• [Assignment]:
Each line below is to be copied exactly; images do not go into the copy.

• [Supplied information]:
- Opening Delimiter -
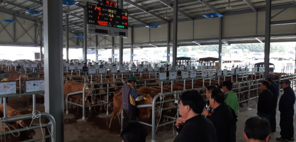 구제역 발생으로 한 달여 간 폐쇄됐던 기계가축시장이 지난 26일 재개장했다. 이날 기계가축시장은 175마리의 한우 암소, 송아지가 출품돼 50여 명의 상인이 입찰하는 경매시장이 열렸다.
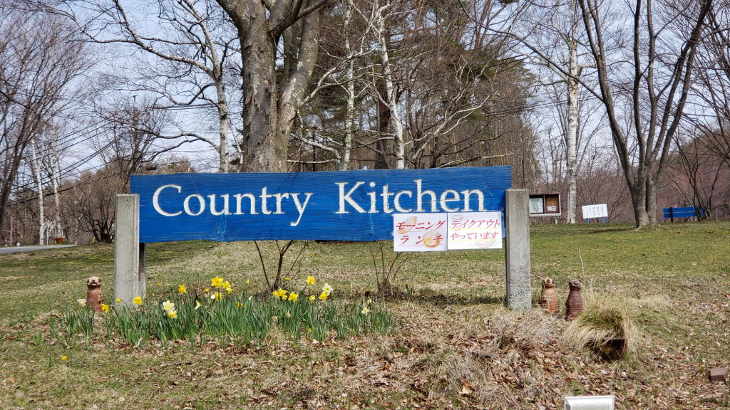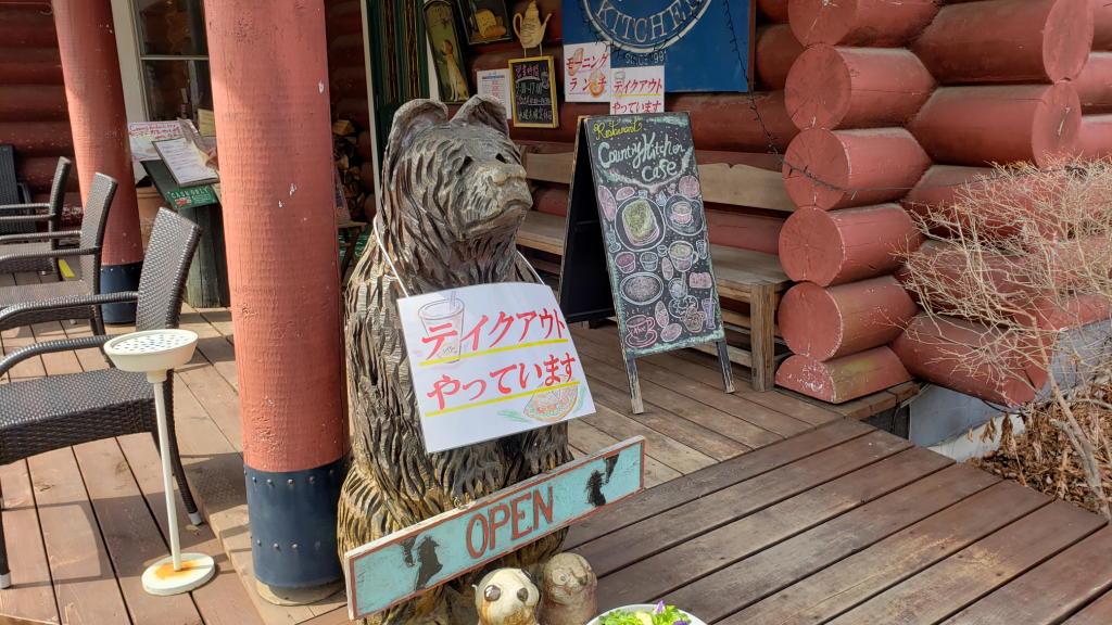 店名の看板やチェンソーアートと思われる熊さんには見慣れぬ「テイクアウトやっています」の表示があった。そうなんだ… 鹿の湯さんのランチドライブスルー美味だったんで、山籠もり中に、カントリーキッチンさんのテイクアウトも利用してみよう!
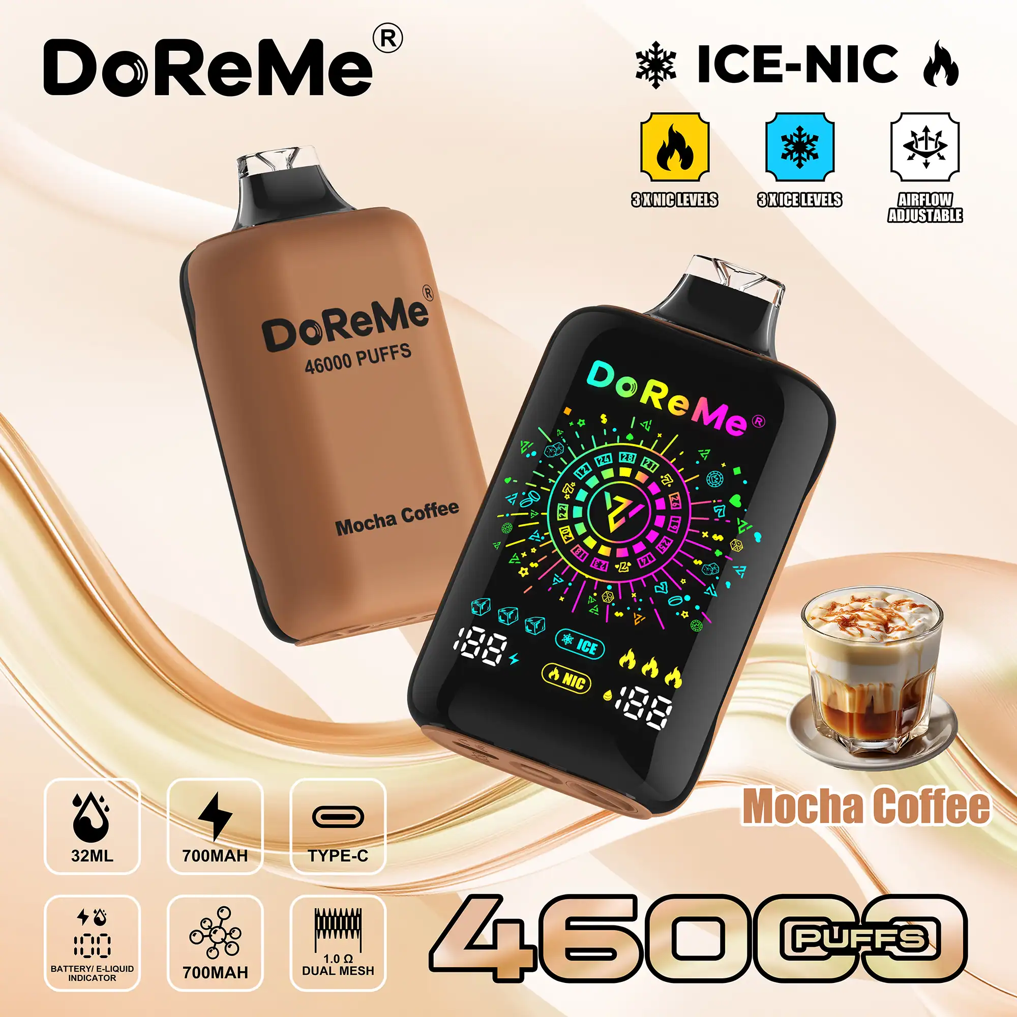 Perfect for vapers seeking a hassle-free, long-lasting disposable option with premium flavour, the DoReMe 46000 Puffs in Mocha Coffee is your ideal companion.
- Closing Delimiter -
• [Solution for this problem]:
 구제역 발생으로 한 달여 간 폐쇄됐던 기계가축시장이 지난 26일 재개장했다. 이날 기계가축시장은 175마리의 한우 암소, 송아지가 출품돼 50여 명의 상인이 입찰하는 경매시장이 열렸다.
 店名の看板やチェンソーアートと思われる熊さんには見慣れぬ「テイクアウトやっています」の表示があった。そうなんだ… 鹿の湯さんのランチドライブスルー美味だったんで、山籠もり中に、カントリーキッチンさんのテイクアウトも利用してみよう!
 Perfect for vapers seeking a hassle-free, long-lasting disposable option with premium flavour, the DoReMe 46000 Puffs in Mocha Coffee is your ideal companion.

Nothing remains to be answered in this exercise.